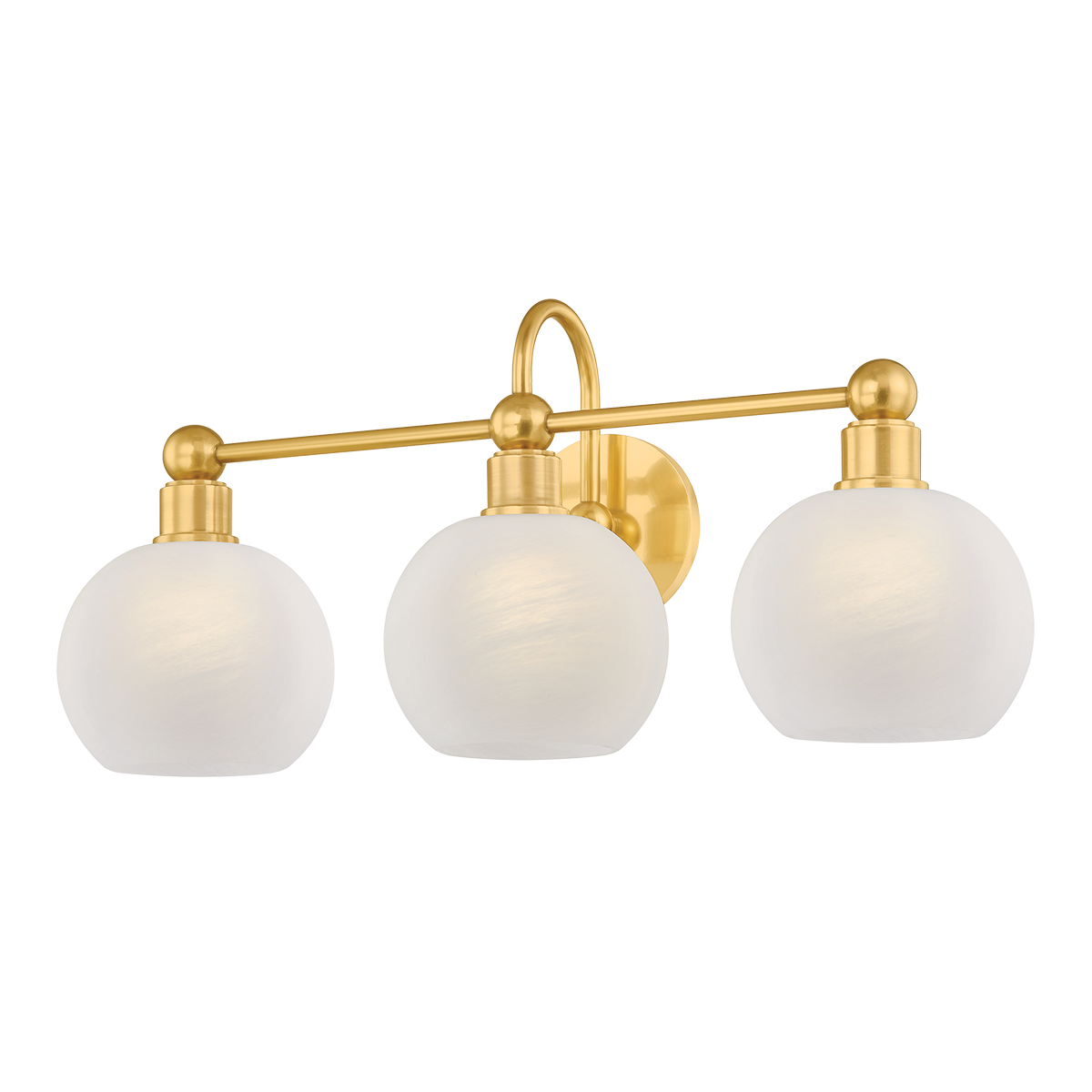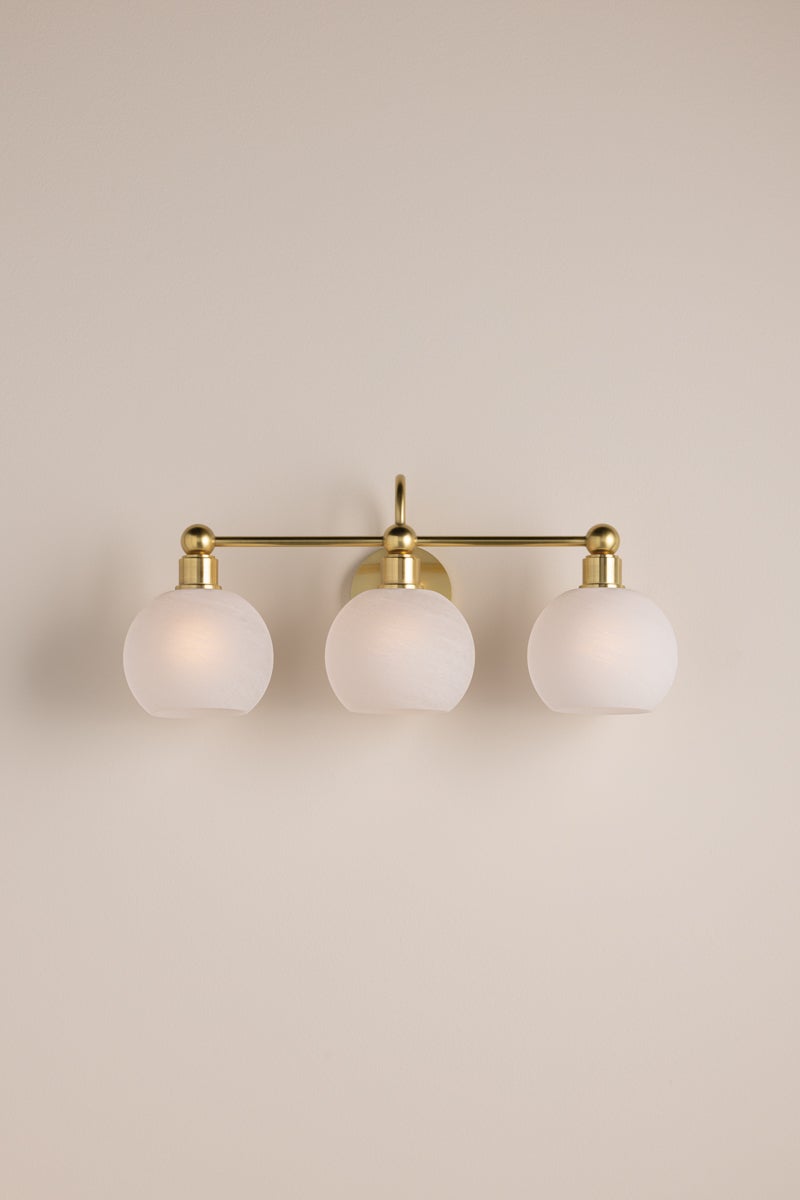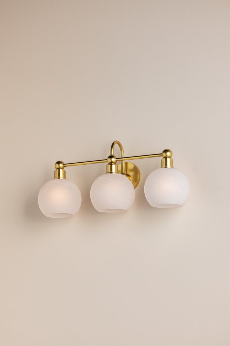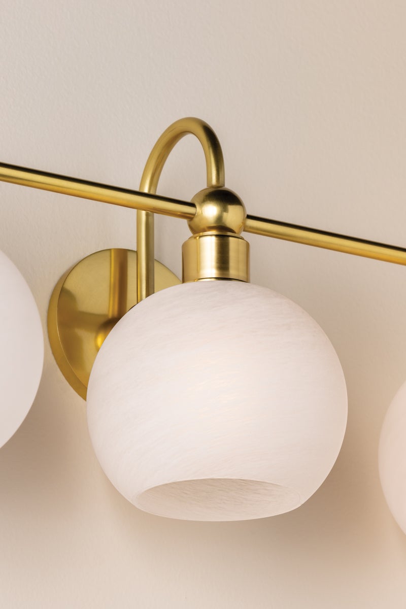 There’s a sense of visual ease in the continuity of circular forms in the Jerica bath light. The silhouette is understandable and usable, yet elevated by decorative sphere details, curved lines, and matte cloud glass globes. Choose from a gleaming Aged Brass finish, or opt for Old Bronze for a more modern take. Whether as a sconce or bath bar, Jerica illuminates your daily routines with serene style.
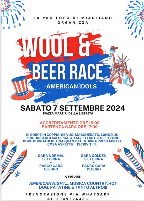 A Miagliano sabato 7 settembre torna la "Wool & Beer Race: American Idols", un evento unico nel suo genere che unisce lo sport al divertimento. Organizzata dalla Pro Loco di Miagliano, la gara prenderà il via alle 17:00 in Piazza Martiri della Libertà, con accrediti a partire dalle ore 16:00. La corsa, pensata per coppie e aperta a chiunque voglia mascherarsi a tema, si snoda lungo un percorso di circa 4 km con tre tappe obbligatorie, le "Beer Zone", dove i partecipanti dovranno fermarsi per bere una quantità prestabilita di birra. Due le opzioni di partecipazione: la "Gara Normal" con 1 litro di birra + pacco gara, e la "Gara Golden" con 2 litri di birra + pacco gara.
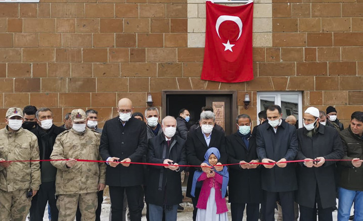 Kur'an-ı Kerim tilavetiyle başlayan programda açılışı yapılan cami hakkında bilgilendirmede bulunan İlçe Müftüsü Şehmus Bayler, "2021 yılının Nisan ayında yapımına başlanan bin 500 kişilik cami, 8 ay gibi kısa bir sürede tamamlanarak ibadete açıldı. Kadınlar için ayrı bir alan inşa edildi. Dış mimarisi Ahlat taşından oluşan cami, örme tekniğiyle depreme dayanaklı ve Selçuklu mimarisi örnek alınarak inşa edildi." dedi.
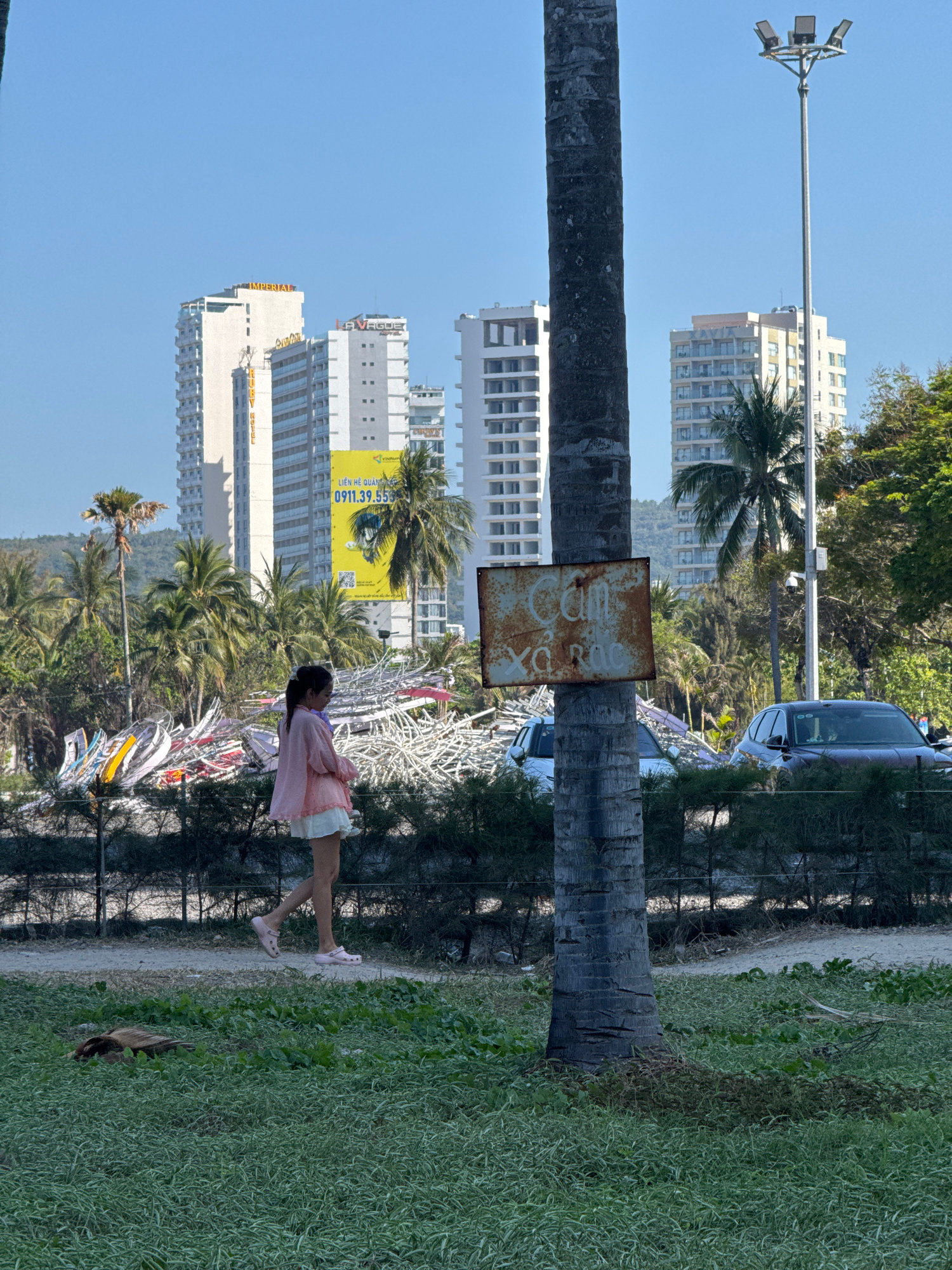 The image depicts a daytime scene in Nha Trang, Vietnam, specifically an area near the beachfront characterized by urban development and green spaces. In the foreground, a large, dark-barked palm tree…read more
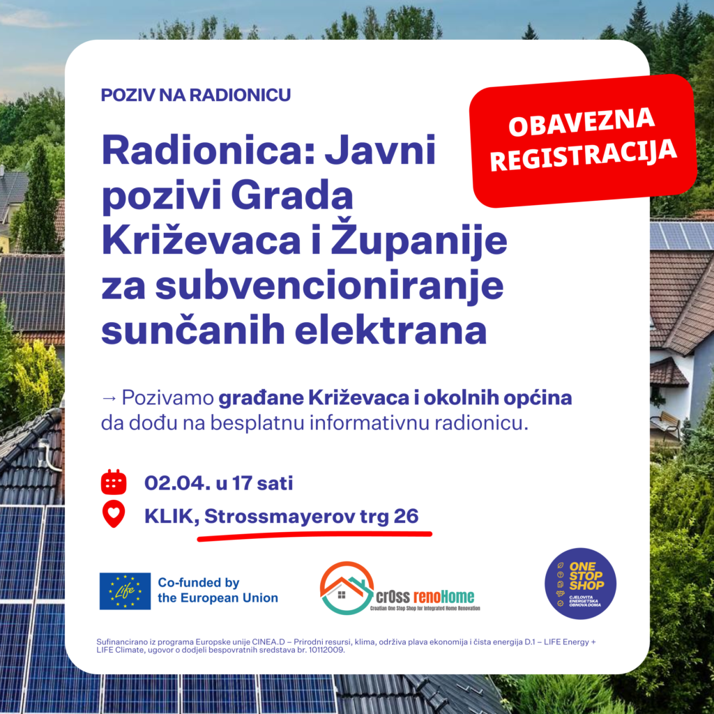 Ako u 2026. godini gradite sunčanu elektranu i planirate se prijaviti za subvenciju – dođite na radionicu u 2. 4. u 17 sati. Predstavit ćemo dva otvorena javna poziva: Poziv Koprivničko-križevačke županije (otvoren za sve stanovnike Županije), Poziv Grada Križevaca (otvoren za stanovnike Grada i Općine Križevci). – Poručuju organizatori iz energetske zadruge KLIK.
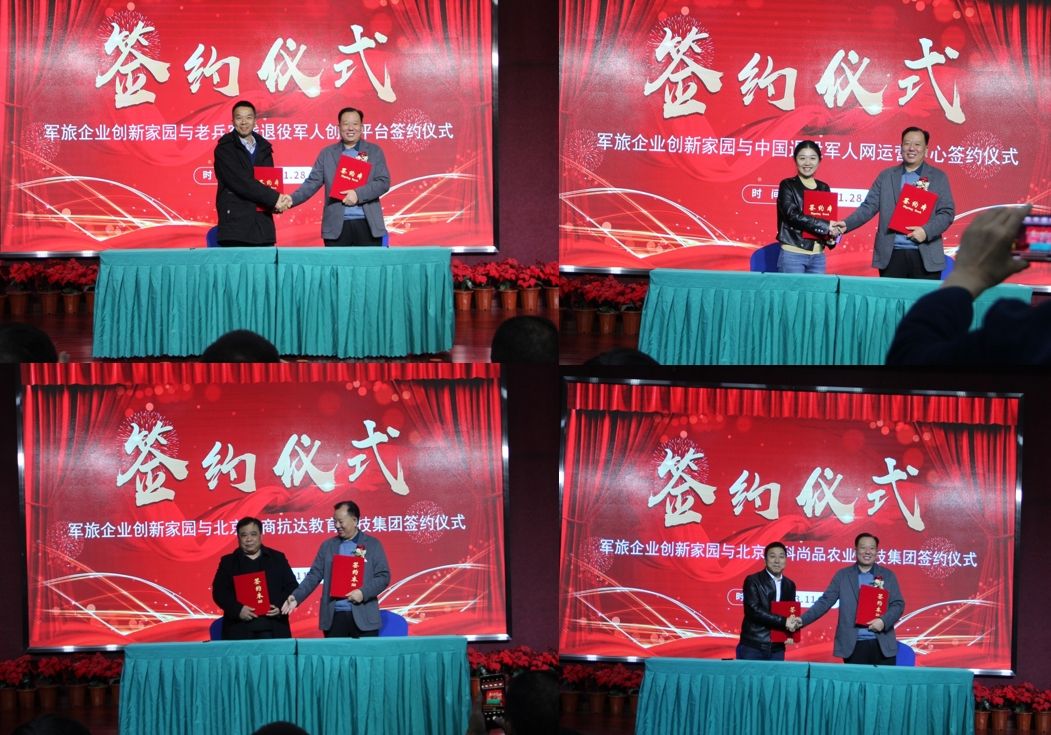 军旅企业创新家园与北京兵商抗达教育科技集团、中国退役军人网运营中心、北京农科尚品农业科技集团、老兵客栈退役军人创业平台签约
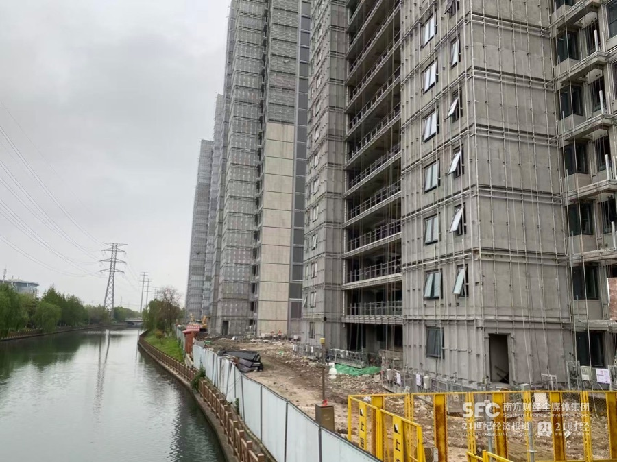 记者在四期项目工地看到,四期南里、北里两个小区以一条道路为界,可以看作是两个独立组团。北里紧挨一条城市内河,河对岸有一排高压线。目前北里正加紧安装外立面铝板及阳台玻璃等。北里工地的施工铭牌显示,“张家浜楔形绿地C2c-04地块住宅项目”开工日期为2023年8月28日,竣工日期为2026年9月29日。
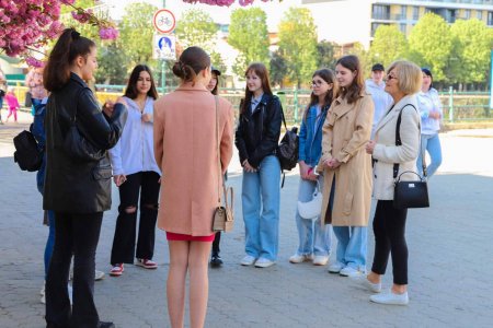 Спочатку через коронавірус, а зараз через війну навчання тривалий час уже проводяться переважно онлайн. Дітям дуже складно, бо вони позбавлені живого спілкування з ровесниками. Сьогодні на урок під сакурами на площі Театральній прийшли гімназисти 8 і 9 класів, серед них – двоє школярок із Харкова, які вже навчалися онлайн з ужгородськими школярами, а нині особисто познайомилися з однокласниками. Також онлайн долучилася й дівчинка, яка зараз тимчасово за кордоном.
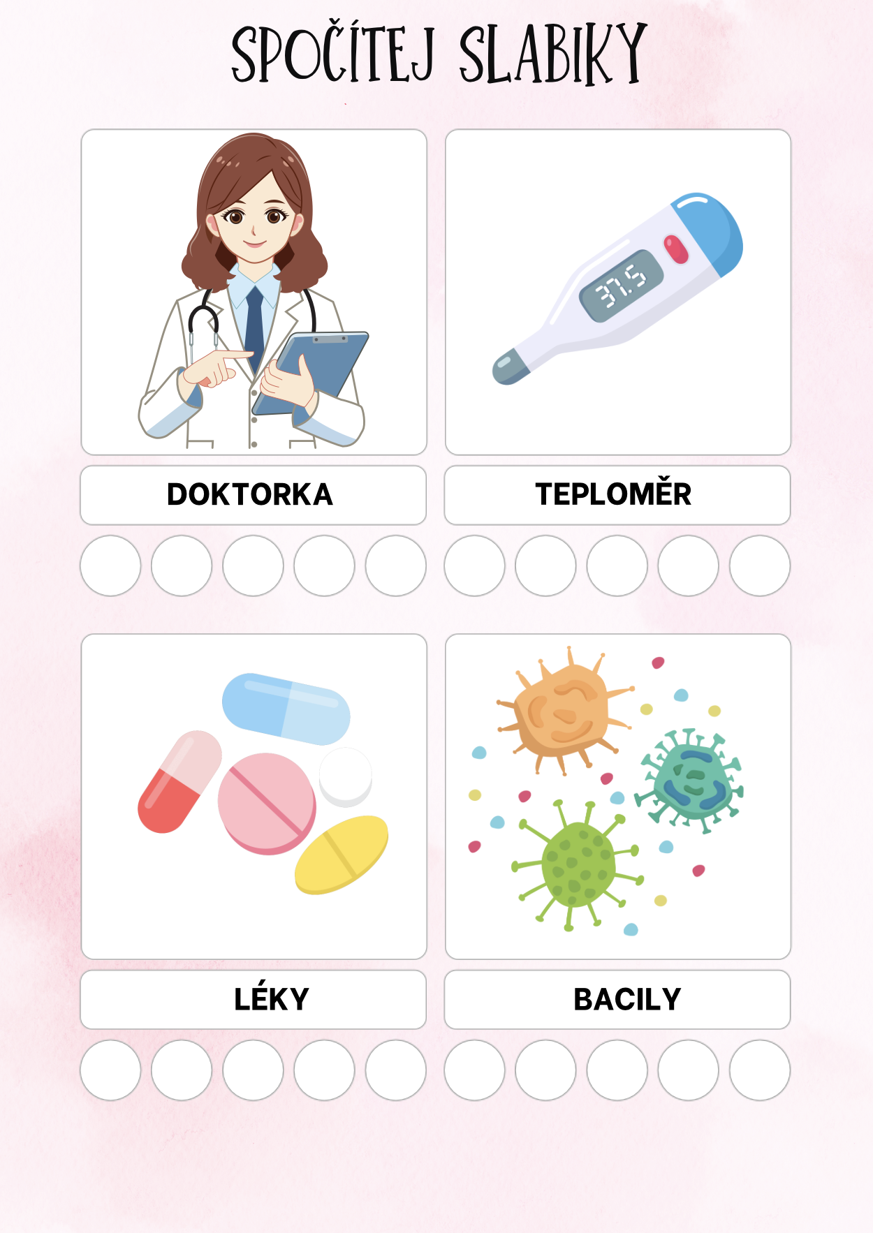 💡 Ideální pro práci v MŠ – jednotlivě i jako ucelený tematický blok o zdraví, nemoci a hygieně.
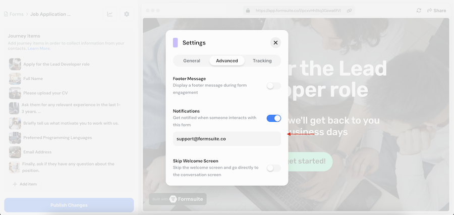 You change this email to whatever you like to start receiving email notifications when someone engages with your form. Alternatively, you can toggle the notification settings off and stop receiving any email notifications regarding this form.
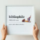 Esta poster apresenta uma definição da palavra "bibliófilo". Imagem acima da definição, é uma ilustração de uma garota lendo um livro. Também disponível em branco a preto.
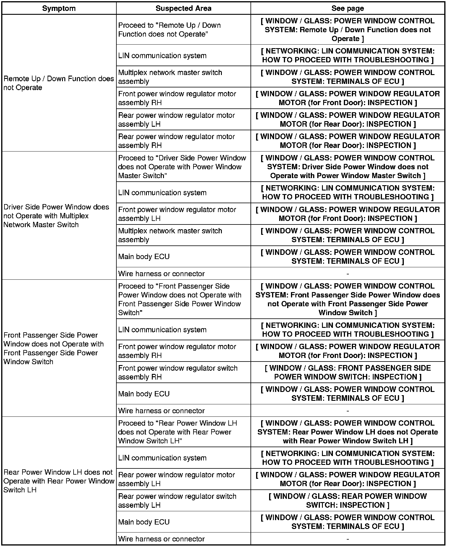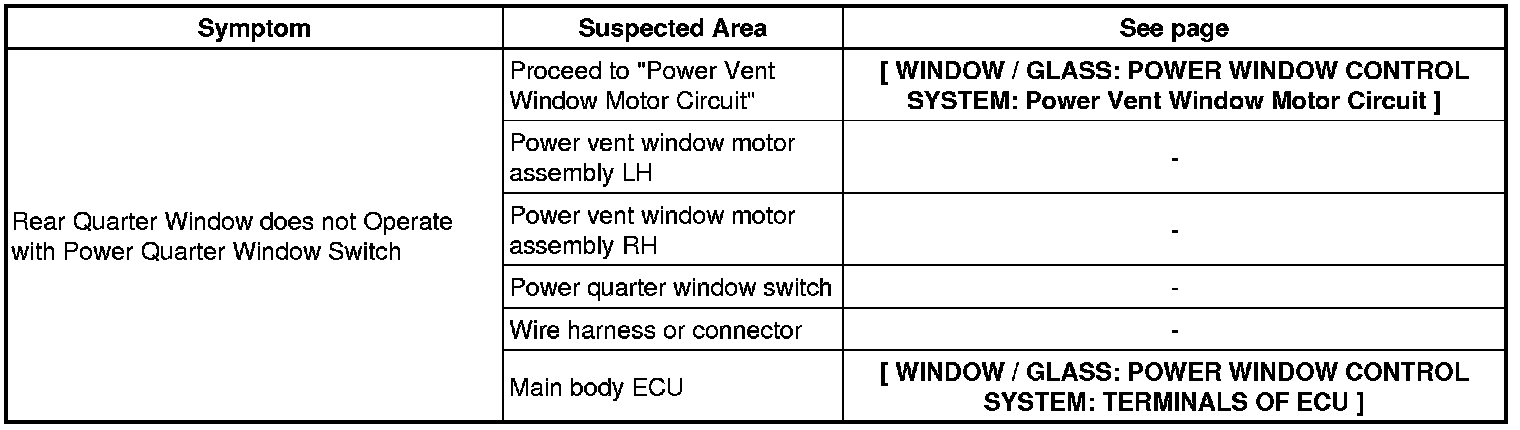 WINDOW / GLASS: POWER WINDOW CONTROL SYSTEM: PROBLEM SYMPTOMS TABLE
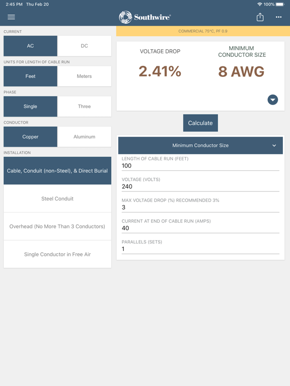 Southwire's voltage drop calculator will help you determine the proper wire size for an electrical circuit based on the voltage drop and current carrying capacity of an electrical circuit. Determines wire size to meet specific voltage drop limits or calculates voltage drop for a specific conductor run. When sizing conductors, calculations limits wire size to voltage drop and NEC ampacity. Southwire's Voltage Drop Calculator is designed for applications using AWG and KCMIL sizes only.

※ ※ ※

→ THE TASK: Once more, please print all the lines above exactly, without their pictures.

→ ANSWER TO THIS EXERCISE:
 There’s a sense of visual ease in the continuity of circular forms in the Jerica bath light. The silhouette is understandable and usable, yet elevated by decorative sphere details, curved lines, and matte cloud glass globes. Choose from a gleaming Aged Brass finish, or opt for Old Bronze for a more modern take. Whether as a sconce or bath bar, Jerica illuminates your daily routines with serene style.
 A Miagliano sabato 7 settembre torna la "Wool & Beer Race: American Idols", un evento unico nel suo genere che unisce lo sport al divertimento. Organizzata dalla Pro Loco di Miagliano, la gara prenderà il via alle 17:00 in Piazza Martiri della Libertà, con accrediti a partire dalle ore 16:00. La corsa, pensata per coppie e aperta a chiunque voglia mascherarsi a tema, si snoda lungo un percorso di circa 4 km con tre tappe obbligatorie, le "Beer Zone", dove i partecipanti dovranno fermarsi per bere una quantità prestabilita di birra. Due le opzioni di partecipazione: la "Gara Normal" con 1 litro di birra + pacco gara, e la "Gara Golden" con 2 litri di birra + pacco gara.
 Kur'an-ı Kerim tilavetiyle başlayan programda açılışı yapılan cami hakkında bilgilendirmede bulunan İlçe Müftüsü Şehmus Bayler, "2021 yılının Nisan ayında yapımına başlanan bin 500 kişilik cami, 8 ay gibi kısa bir sürede tamamlanarak ibadete açıldı. Kadınlar için ayrı bir alan inşa edildi. Dış mimarisi Ahlat taşından oluşan cami, örme tekniğiyle depreme dayanaklı ve Selçuklu mimarisi örnek alınarak inşa edildi." dedi.
 The image depicts a daytime scene in Nha Trang, Vietnam, specifically an area near the beachfront characterized by urban development and green spaces. In the foreground, a large, dark-barked palm tree…read more
 Ako u 2026. godini gradite sunčanu elektranu i planirate se prijaviti za subvenciju – dođite na radionicu u 2. 4. u 17 sati. Predstavit ćemo dva otvorena javna poziva: Poziv Koprivničko-križevačke županije (otvoren za sve stanovnike Županije), Poziv Grada Križevaca (otvoren za stanovnike Grada i Općine Križevci). – Poručuju organizatori iz energetske zadruge KLIK.
 军旅企业创新家园与北京兵商抗达教育科技集团、中国退役军人网运营中心、北京农科尚品农业科技集团、老兵客栈退役军人创业平台签约
 记者在四期项目工地看到,四期南里、北里两个小区以一条道路为界,可以看作是两个独立组团。北里紧挨一条城市内河,河对岸有一排高压线。目前北里正加紧安装外立面铝板及阳台玻璃等。北里工地的施工铭牌显示,“张家浜楔形绿地C2c-04地块住宅项目”开工日期为2023年8月28日,竣工日期为2026年9月29日。
 Спочатку через коронавірус, а зараз через війну навчання тривалий час уже проводяться переважно онлайн. Дітям дуже складно, бо вони позбавлені живого спілкування з ровесниками. Сьогодні на урок під сакурами на площі Театральній прийшли гімназисти 8 і 9 класів, серед них – двоє школярок із Харкова, які вже навчалися онлайн з ужгородськими школярами, а нині особисто познайомилися з однокласниками. Також онлайн долучилася й дівчинка, яка зараз тимчасово за кордоном.
 💡 Ideální pro práci v MŠ – jednotlivě i jako ucelený tematický blok o zdraví, nemoci a hygieně.
 You change this email to whatever you like to start receiving email notifications when someone engages with your form. Alternatively, you can toggle the notification settings off and stop receiving any email notifications regarding this form.
 Esta poster apresenta uma definição da palavra "bibliófilo". Imagem acima da definição, é uma ilustração de uma garota lendo um livro. Também disponível em branco a preto.
 WINDOW / GLASS: POWER WINDOW CONTROL SYSTEM: PROBLEM SYMPTOMS TABLE
 Southwire's voltage drop calculator will help you determine the proper wire size for an electrical circuit based on the voltage drop and current carrying capacity of an electrical circuit. Determines wire size to meet specific voltage drop limits or calculates voltage drop for a specific conductor run. When sizing conductors, calculations limits wire size to voltage drop and NEC ampacity. Southwire's Voltage Drop Calculator is designed for applications using AWG and KCMIL sizes only.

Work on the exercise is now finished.